The diagnosis of CHS is usually made by the presence of ‘giant granules’ in microscopic analysis of white blood cells. ‘Giant inclusion bodies’ can also be seen in the cells that develop into white blood cells (leukocyte precursor cells) in the bone marrow.
Pigment clumping in hair that can be seen under light microscopy is another method for diagnosis that would be done if a blood smear showed enlarged granules.
Management varies depending of the stage of the disease at the time of diagnosis. Ideally, bone marrow transplant should be performed before the patient develops the accelerated phase. Bone marrow transplant corrects the immune and bleeding abnormalities and prevents the development of the accelerated phase. If the accelerated phase occurs, hemophagocytosis must be in remission before a bone marrow transplant can occur. Those patients are given chemotherapy to get the accelerated phase into remission. Bone marrow transplant can occur after the patient is in remission. Before major procedures, a drug to prevent excessive bleeding, DDVAP, can be administered.
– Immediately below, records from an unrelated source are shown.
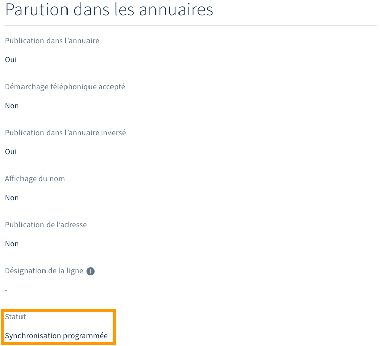 le statut indique « Synchronisé » : les informations renseignées dans votre espace client sont celles qui s'affichent dans les annuaires en ligne. La dernière modification est donc arrivée à son terme.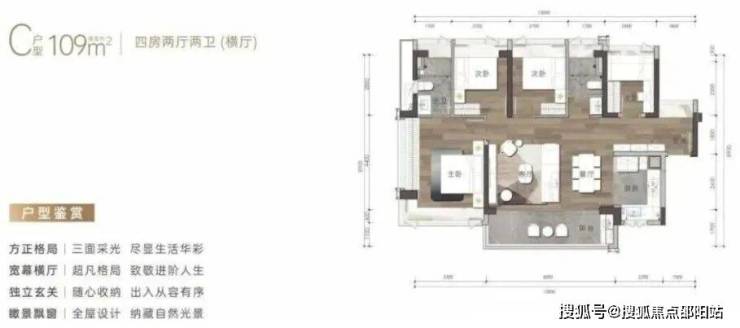 109㎡横厅四房两卫:南北通透格局,客餐厅约6米开间,公卫三段式分离,空间利用率拉满。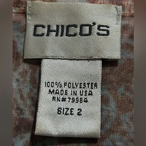 The product is a Chicos Women’s Top Shirt in a size 2 (large) with a tie-dye embellishment featuring a 3/4 bell sleeve, scoop neckline, and slit sleeve closure. Made from polyester, this multicolor blouse is perfect for various occasions, including travel, parties, casual wear, and business events. The lightweight and all-season design of the top offers a bohemian style with beaded accents, making it a versatile and stylish addition to any woman's wardrobe.
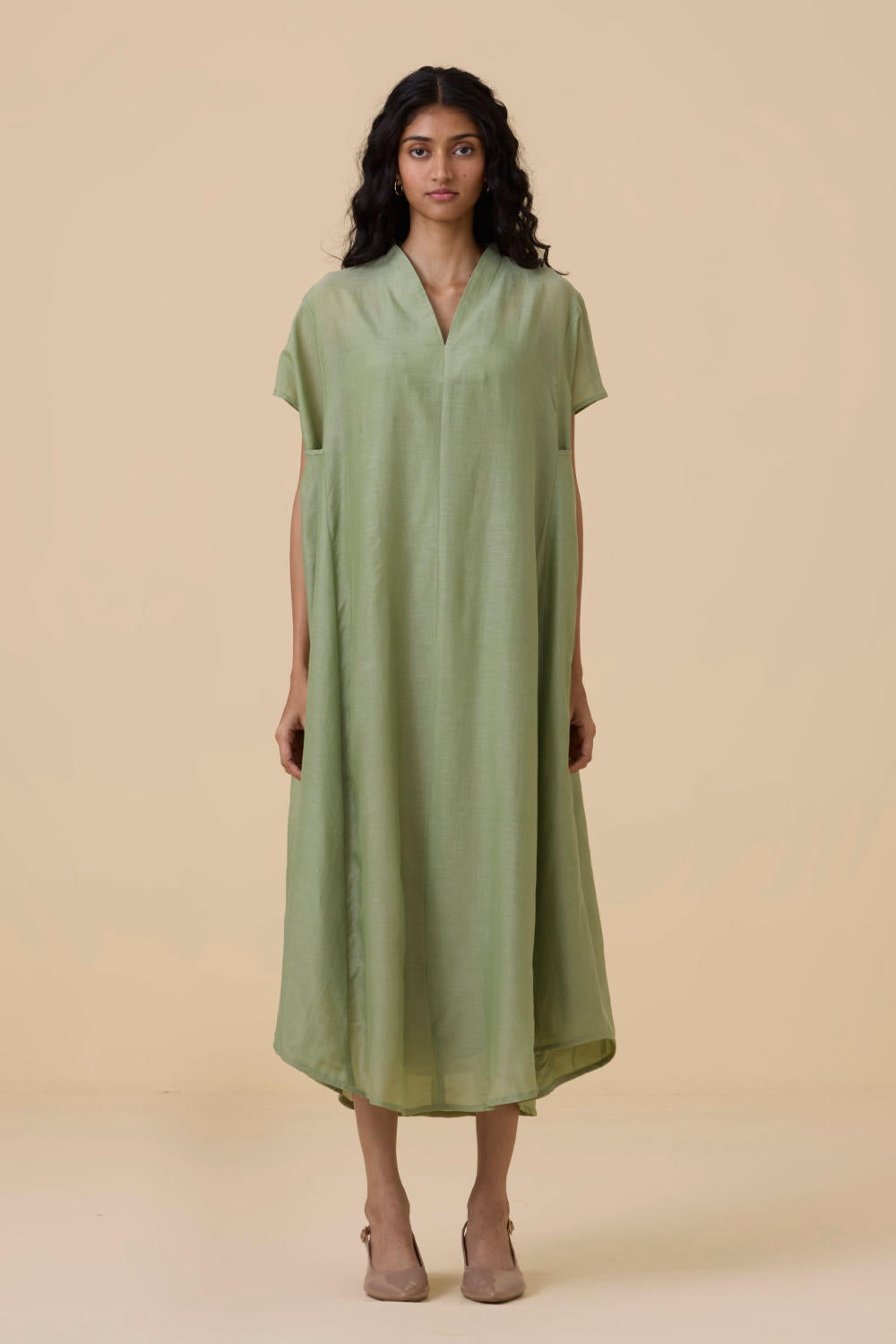 Kaftan-style dress designed with a resort state of mind. Sharp V neckline. Crafted in cotton silk. In-seam pockets. Slip included.

Other than these options, treatment of CHS is symptomatic. When bacterial or fungal infections occur, they should be vigorously treated with antibiotic or antifungal drugs. Acute viral infections may be treated with the anti-viral drugs. Platelet transfusions may be necessary if bleeding becomes excessive after injury or surgery.
People with CHS should minimize unprotected sun exposure. When affected individuals are exposed to sunlight, sunglasses and sunscreens applied to the skin can be helpful. Genetic counseling may be of benefit for people with CHS and their families.